= The Book of Letters =

Armenian collection of religious documents

The Book of Letters or The Book of Messages (Գիրք թղթոց) is an Armenian collection of church and religious documents of the 7th century. It is a copy made in 1298 by a priest named Thomas of Hromklay (Tovma Hromklayeci), at Sis, the capital of Cilician Armenia. Thomas' copy was taken in part from an earlier collection made in 1077. Includes authentic correspondence of Armenian, Syrian, Byzantine, Iranian, Georgian, etc. church figures.

It is assumed that the main part of the collection was compiled by Catholicos Komitas Aghtsetsi (615-628). Later, 98 more documents (letters) were added, which chronologically cover the period of the 5th-13th centuries. The oldest document is a letter from the Archbishop of Constantinople Proclus to Sahak Partev. The compilation of the collection was due to the struggle of the Armenian Church against Chalcedonism. The Book of Letters is an important historical source for revealing the history of the Armenian Church in the early Middle Ages. The materials of the collection also contain important information about other countries of the Transcaucasus - Georgia and Caucasian Albania, valuable data on the social terminology of the time

== Editions ==
The first edition was published in 1901. It was republished and reedited in classical Armenian as second edition in 1994 by Archbishop Norayr Pogharian and in French in 1999 by Professor Nina Garsoïan in L'Église arménienne et le grand schisme d'Orient (The Armenian Church and the Great Eastern Schism).

== Criticism ==
According to Professor Robert W. Thomson the second edition of the Book of Letters by Pogharian, based on a broader range of textual evidence, provides better readings in many places, but the order of the items has been changed from that of the original in accordance with Pogharian's own views concerning their dating. Garsoïan's French translation is the most comprehensive investigation of the question to date, and her conclusions will take a while to be assimilated but there is as yet no translation of all the documents in the collection, nor is there a study of its compilation over the centuries. Many of the documents are also quoted by the tenth-century Armenian historian Ukhtanes in his History.
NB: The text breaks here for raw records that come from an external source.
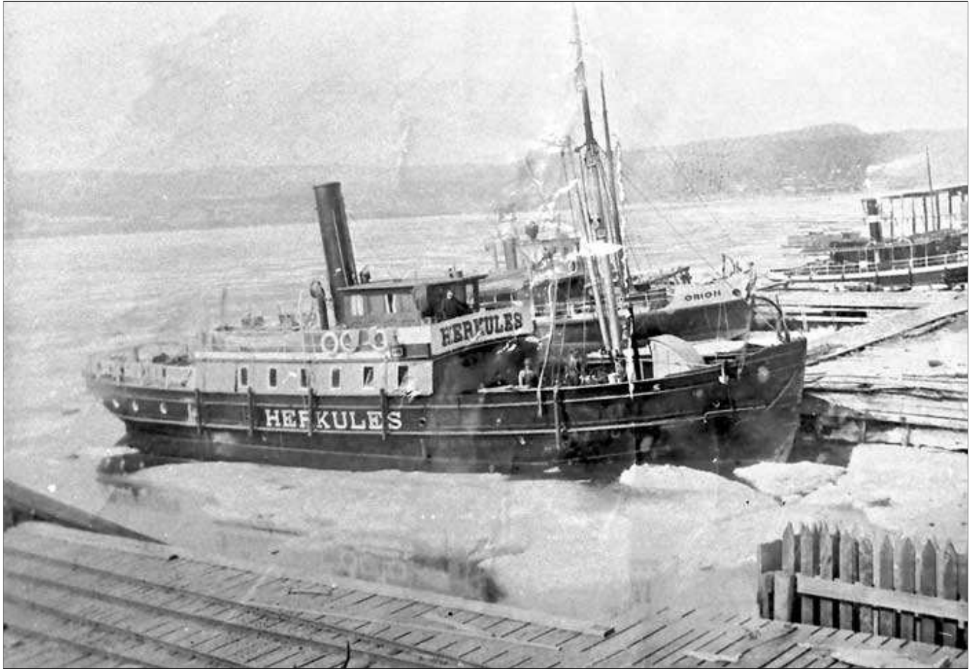
Bengt Westins saml.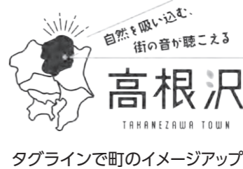
タグラインで町のイメージアップ!

んでおり、大学生の協力を得て若者の視点から調査研究し、本町の効果的なブランドイメージを構築していく。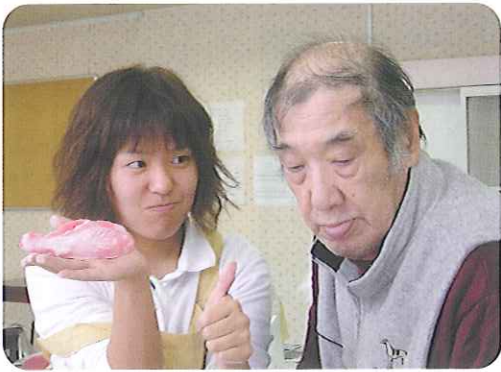
▶真剣な眼差しで作成中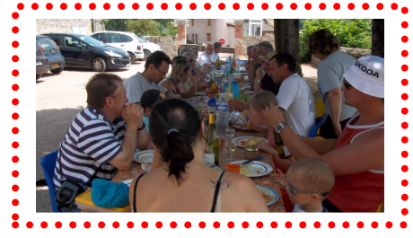
14 juillet 2013 Repas cour de la mairie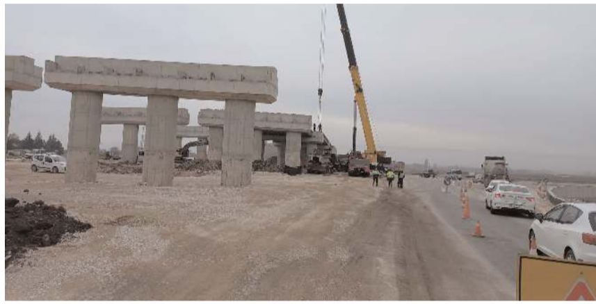
Beton kirişler dev vinç tarafından köprüye yerleştiriliyor.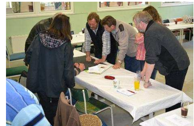
Mai und August/September Landesverbandsschulung in Itzehoe auf dem „Ehlershof“.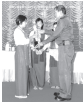
နိုင်ငံတော်အေးချမ်းသာယာရေးနှင့် ဖွံ့ဖြိုးရေးကောင်စီဝင် ကာကွယ်ရေးဝန်ကြီးဌာနမှ ဒုတိယဗိုလ်ချုပ်ကြီးကျော်ဝင်း ရမ်းပြည်နယ်(မြောက်ပိုင်း) ၂၀၀၆ ခုနှစ် တက္ကသိုလ်ဝင် စာမေးပွဲတွင် မြောက်ဘာသာဂုဏ်ထူးဖြင့် အောင်မြင်သော လားရှိုးမြို့ အမှတ်(၆) အခြေစိုက်ပညာအထက်တန်း ကျောင်းမှ မဃသုတ္တန်နှင့် ငါးဘာသာဂုဏ်ထူးရင် ၁၃ ဦးတို့အား ဂုဏ်ပြုဆုများ ပေးအပ်ချီးမြှင့်ပွဲ။ (သတင်းစဉ်)

ဆက်လက်၍ ၂၀၀၆ ခုနှစ် တက္ကသိုလ်ဝင်စာမေးပွဲတွင် သုံးဘာသာ ဂုဏ်ထူးဖြင့် အောင်မြင်ကြသော ကျောင်းသား ကျောင်းသူကိုးဦးနှင့် လူမှုဝန်ထမ်း ဦးစီးဌာန လူငယ်သင်တန်းကျောင်းမှ ထူးချွန်ကျောင်းသား မောင်အိုက်နိုင် တို့အား အရှေ့မြောက်တိုင်းစစ်ဌာနချုပ် ဒုတိယတိုင်းမှူး ဗိုလ်မှူးချုပ်လှမြင့်က ဆုများ ပေးအပ်ချီးမြှင့်သည်။ စာမျက်နှာ ၁ ကော်လံ ၁ ■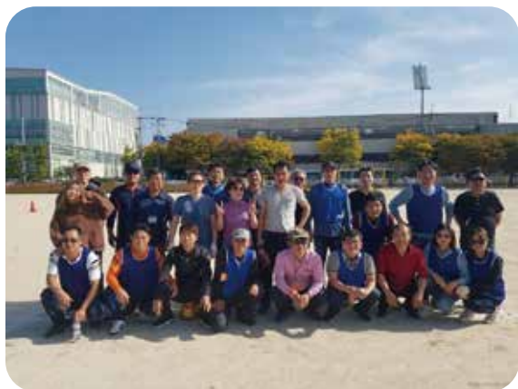
12회 동창회 단체사진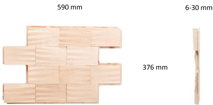
Panelet set forfra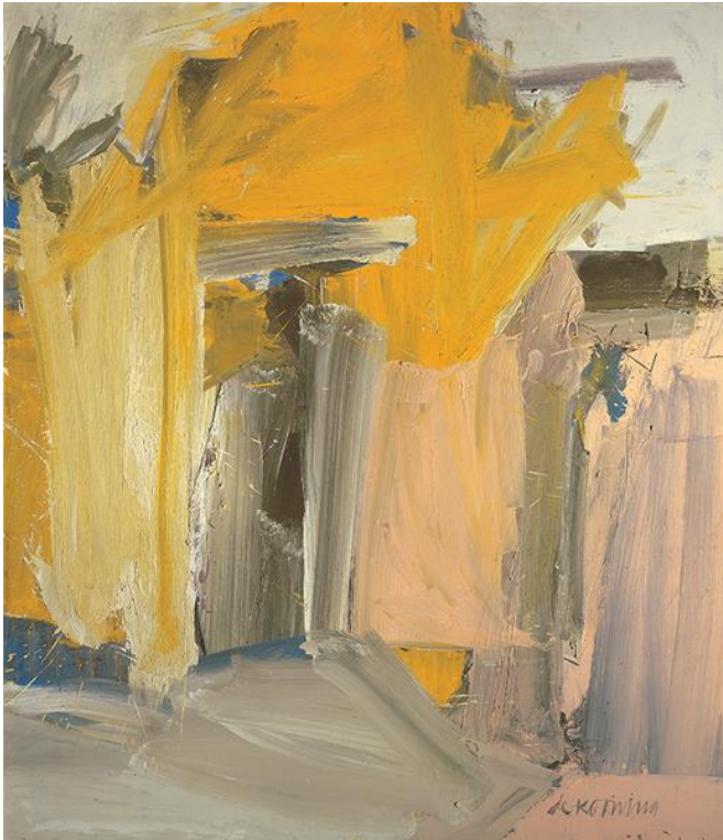
Door to the river, Willem de Kooning 1960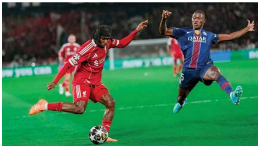
○ من لقاء سان جرمان وليفربول.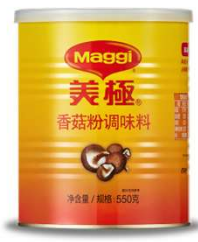
매기 표고버섯 부용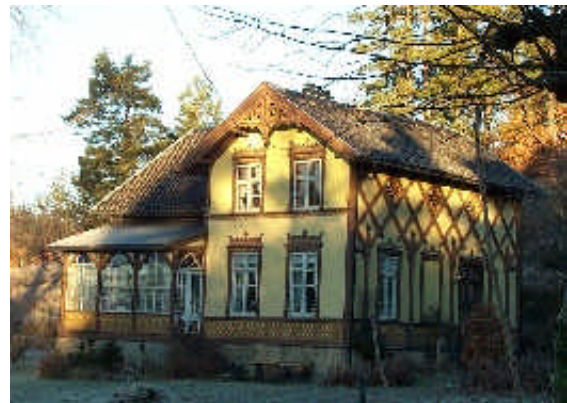
Frednes en vakker vinterformiddag

Utfordringer: Frednes er uregulert. Nye bygninger på eiendommen bør underordne seg den vakre hovedbygningen og falle nøytralt inn i tunet.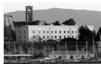
Τμήμα Μουσικών Σπουδών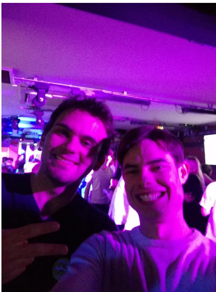
Obr. 13: Noční život v Manchesteru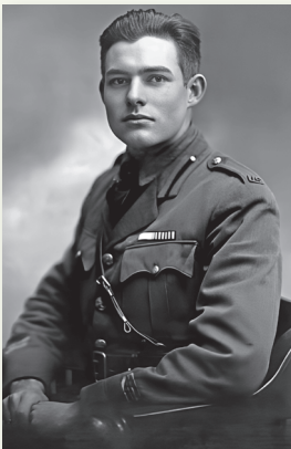
Эрнэст Хэмінгуэй. 1918 г.

Славу амерыканскі пісьменнік Эрнэст Хэмінгуэй пайшоў на фронт добраахвотнікам у 1918 г., быў паранены. У гады грамадзянскай вайны ў Іспаніі зрабіўся ваенным карэспандэнтам, знаходзіўся ў Мадрыдзе пад аблогай фашыстаў.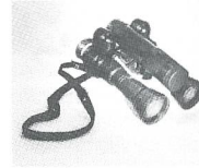
MODEL FLIN Topgerät binokular mit sensationalen Leistungen (2,5x42) Für Langzeitbeob. gut geeignet Preis nur Fr. 880.-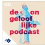
De Ongelooflijke Podcast NPO Radio 1 / EO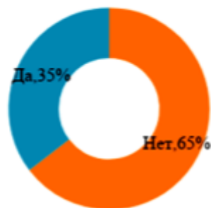
Рис. 4. Доля франчайзеров имеющих франчайзи за пределами РФ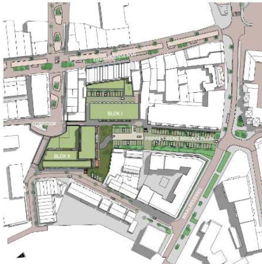
Figuur 5.1: voorgenomen plan

In figuur 5.1 is een uitsnede opgenomen van het stedenbouwkundig plan.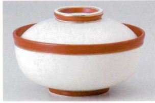
14401-126 3,350円 251210018 赤玉淵刷小蓋向(123×78mm)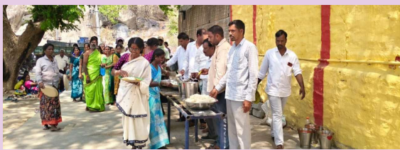
అడ్డాకుల, మార్చి 28 (ప్రజాజ్యోతి)

దక్షిణ కాశీగా పేరుగాంచి కోరిన కోరికలు తీర్చే కల్ప వృక్షాలకు నిలయమైన కందూరు రామలింగేశ్వర స్వామి ఆలయంలో గత వారం రోజుల నుండి ఉచిత అన్నదానం కార్యక్రమం కొనసాగు తుంది. కందూరు జాతర ప్రారంభం కావడంతో ఉగాది పండుగ వరకు ప్రతిరోజూ అన్నదానం కార్యక్రమం ఏర్పాటు చేసినట్లు ఆలయ నిర్వాహకులు తెలిపారు. జాతరకు వచ్చిన భక్తులు రామలింగేశ్వర స్వామిని దర్శించుకుని, కల్ప వృక్షాలకు పూజలు చేసి ఆలయంలో ఏర్పాటు చేసిన ఉచిత అన్నదానం కార్యక్రమంలో పాల్గొని భోజనాలు చేస్తున్నారు.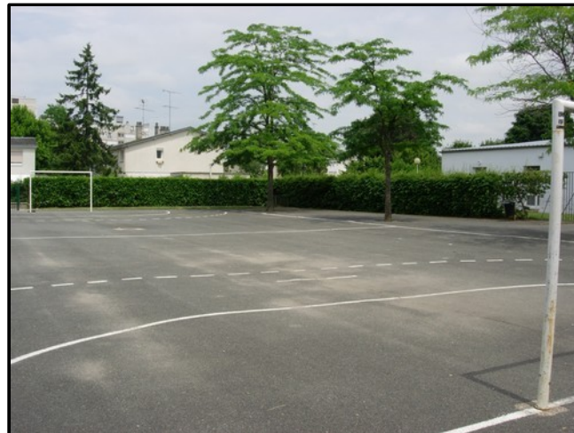
Cour de récréation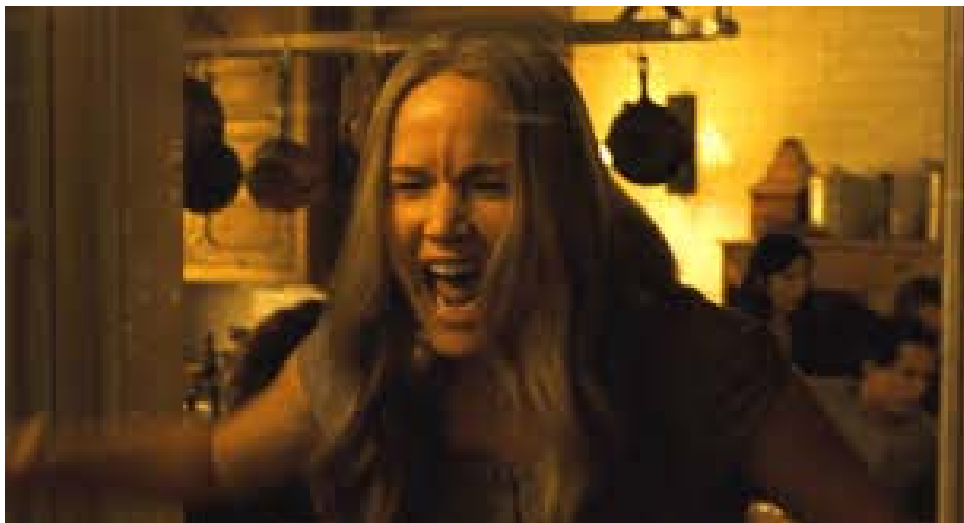
Slika 6.2 Ljutnja

( https://encrypted-tbn0.gstatic.com/images?q=tbn:ANd9GcTF06V01Xw1-WwyY3XzFm7lkkgCeZEzXAPEUKCHKXMEeKcyyNJA )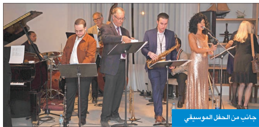
جانب من الحفل الموسيقي

خلال حفل أقامه «المعهد الفرنسي» بالتعاون مع «فرقة الأحمدي الموسيقية»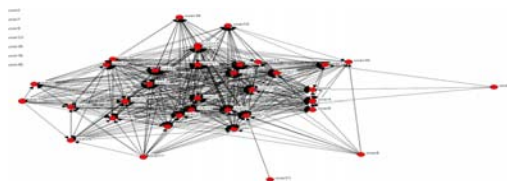
Σχήμα 2. Κοινωνιόγραμμα Αναγνώσεων μηνυμάτων στο περιβάλλον Dias

ή δέντρα αποφάσεων (Dias, ActiveMath), (δ) πολυεπίπεδες όψεις (ColAT), (ε) πίνακες (CoolModes, FreeStyler), (ζ) μεταφορές (VisMode, VisNet, i-tree).

Ukhtanes quotes correspondence between the religious leaders of Armenia and Georgia and it has not been examined whether Armenian concerns of the time caused him to doctor his material as earlier versions of the correspondence are in the Letters. The existing manuscripts of the Letters are not earlier than Ukhtanes and parts of them have been translated, but in the second edition (1994) the question of editorial policy is raised and requires further study.